Last month, Gensler’s London office hosted a roundtable discussion with the British Institute of Facilities Management (BIFM) International Special Interest Group to explore some of the more surprising results of our 2012 State Of Facilities Management Report. This being the document’s second year, we were able to compare findings and begin to understand what motivators and influences affect the way that facilities management (FM), as an industry, is operating.

Not only did the results highlight the changing nature of the workplace, with 68 percent of the respondents planning to implement some form of progressive workplace strategies, but it also provided insight as to how the role of FM in organisations is growing in diversity and scope.

At its inception, FM was, literally, managing a facility, principally what would later be referred to by the industry as “Hard FM”: maintenance, cleaning, HVAC work, etc. The key performance indicators for measuring the effectiveness of Hard FM are quite tangible: Have running costs increased? Are air conditioning complaints down? For some facilities managers, the role is still very much about this activity. But for a growing number of them, there is more and more focus on “Soft FM”: sustainability, transportation, effectiveness of the workplace for employees, and so on.

The roundtable explored this phenomenon further, and the members of the FM community we spoke with had some controversial ideas. Firstly, it was considered by all that the facility (i.e., the workplace), impacted effectiveness as much as IT, HR and other company policies. In that respect, the facility is viewed as a tool that helps an organisation achieve its goals. However, nearIy all recognised that no one within their organisations “owned” workplace effectiveness. There were shared stories about companies that had morphed or created a role within FM that did have a remit for workplace, but how did they measure these intangibles of workplace performance? (This was some of the former “bean-counter” mentality of Hard FM coming through.) The consensus believed that if facilities managers could measure effectiveness of the workplace as well as they could measure efficiency, it could be a powerful addition to their remit.

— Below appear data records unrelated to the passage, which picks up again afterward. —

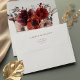 Present your wedding invitations with an added touch of elegance using this matching envelope set. The front features a stunning watercolor floral design spilling over the top, highlighted by rich marsala, soft peach, and delicate cream hues, complemented by cool grey foliage. The back flap of the envelope carries a simple, refined print of the couple's names, offering a personal touch to this exquisite stationery. Ideal for any season, the colour scheme particularly enhances the warmth of fall weddings and the rich, cozy tones of winter celebrations.
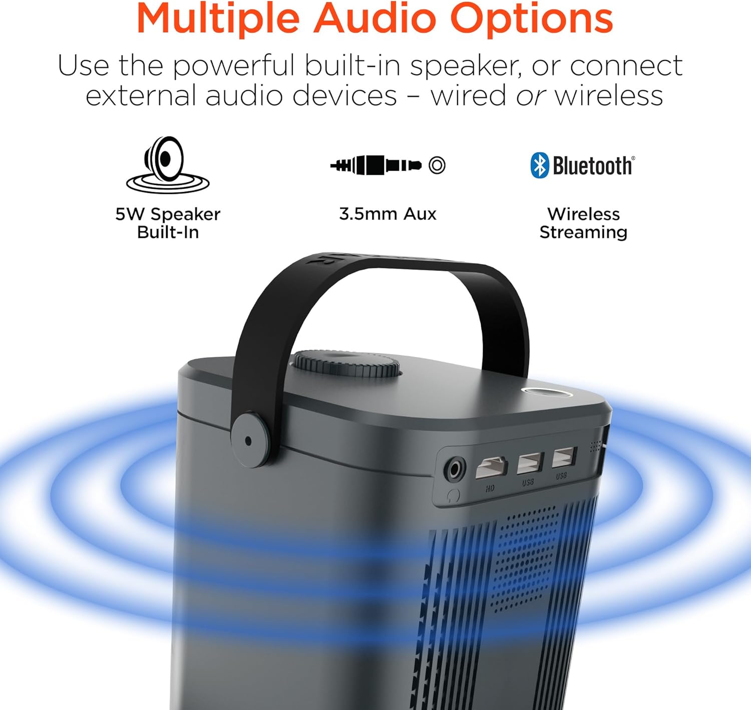 Vivid and Vibrant Image Quality: Enjoy crystal-clear and detailed picture quality with 1280 x 720p HD resolution. The 3.5” LCD projector panel is powered by a 60W LED light source to deliver ultra-bright images with 160 ANSI lumens and a 1000:1 contrast ratio – which means deeper blacks, brighter whites, and more vibrant colors in all your movies, games, and streaming content.
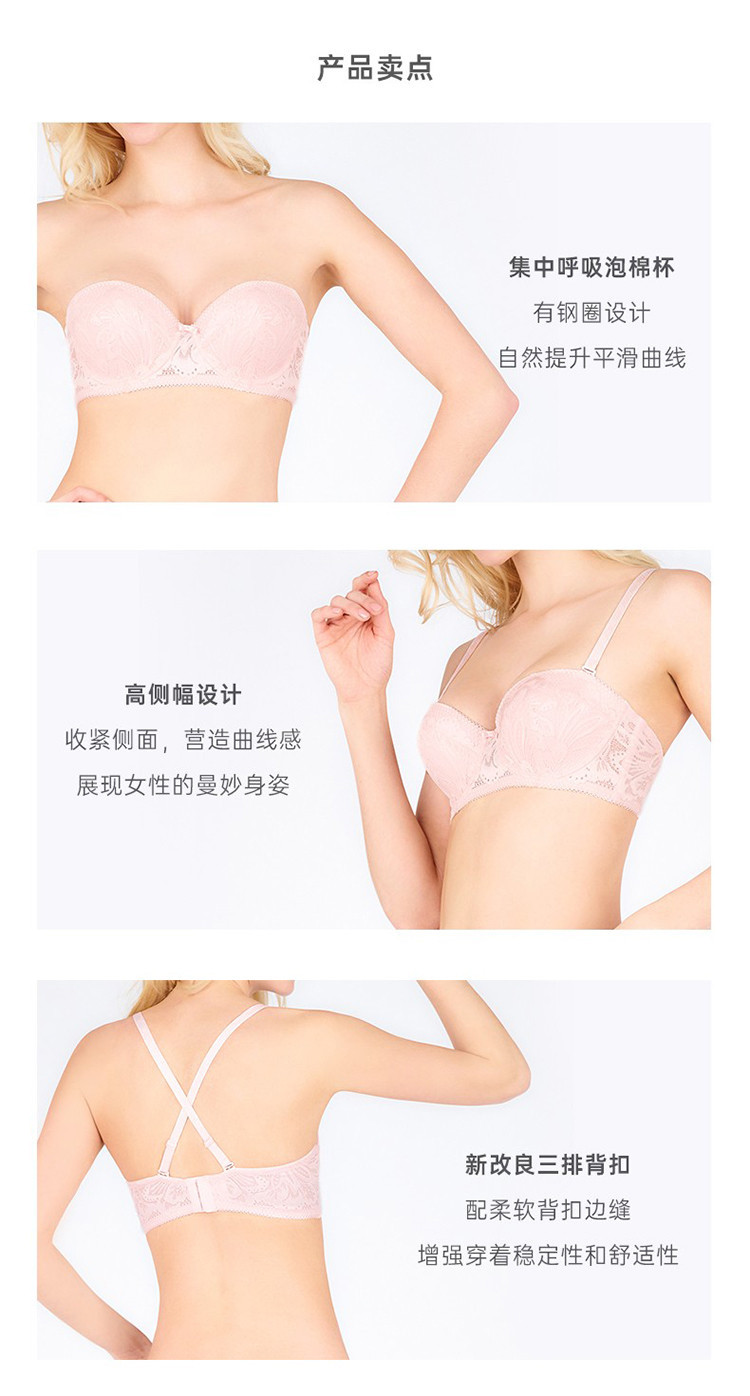商品名称:【集中聚拢】黛安芬可拆卸肩带抹胸两穿聚拢文胸16-8544 915144
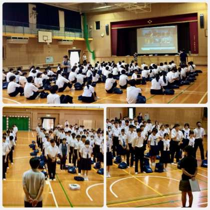 8月になりました。3年生は、本日登校日でした。体育館で平和学習をしました。今年は沖縄戦について学習しました。
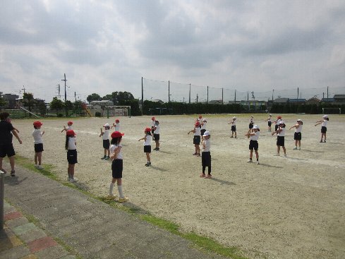 1時間目は体育の授業でした。秋竹ストレッチを行ってから、短距離走を行いました。
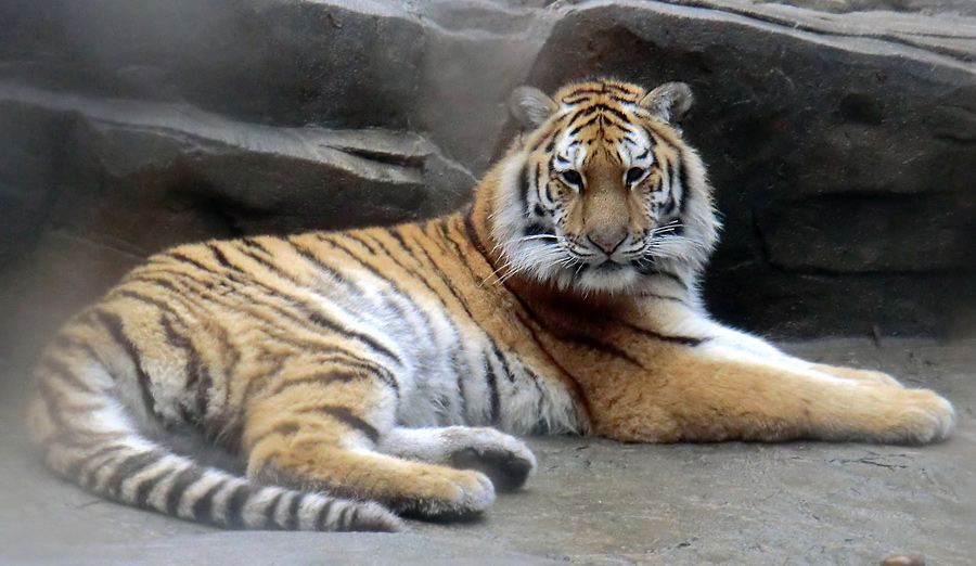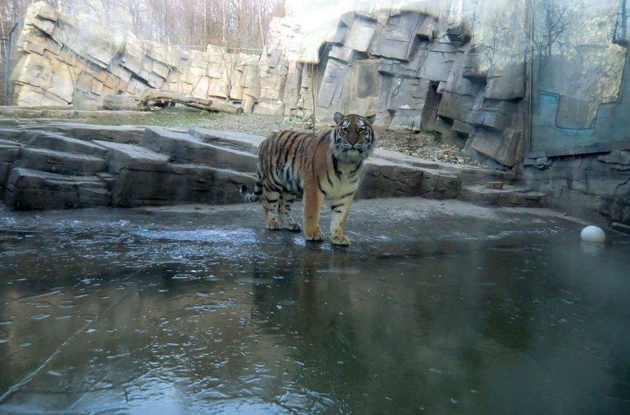 Sibirisches Tigerjungtier TSCHUNA im Zoo Wuppertal am 14. Januar 2012.

This lead to the discussion that perhaps the very title, “facilities management,” is too short-sighted and doesn’t reflect the modern FM industry, which looks after not just real estate, but also so much more of the soft aspects impacting staff. Is it time for FM to embrace its softer side? Should the job be called Facility and Employee Effectiveness and Wellbeing Management? And if FM doesn’t own this categorisation, who does?

Finally, we discussed the position of FM at the board level. Consider that operating and capital expenses of a facility over a decade are 1/15th the cost of employee salaries and benefits, according to a British Council for Offices study. With such negligible costs by comparison, is FM important enough for someone involved in it to sit at the board level, or could they Ieverage the facility as a key influencer in improving staff attraction, retention, and performance? HR and IT often sit at the board level, providing services and programmes to improve an organisation. Should FM measure the intangibles of the workplace and be offering solutions to management to affect the bottom line through maximising effectiveness and efficiency?

The purpose of Gensler partnering with BIFM to undertake this survey is to garner a deeper understanding of the issues affecting facilities management. The survey and subsequent roundtable were the first of a number of programmes to the FM community this year specifically exploring the changing nature of the facilities manager role.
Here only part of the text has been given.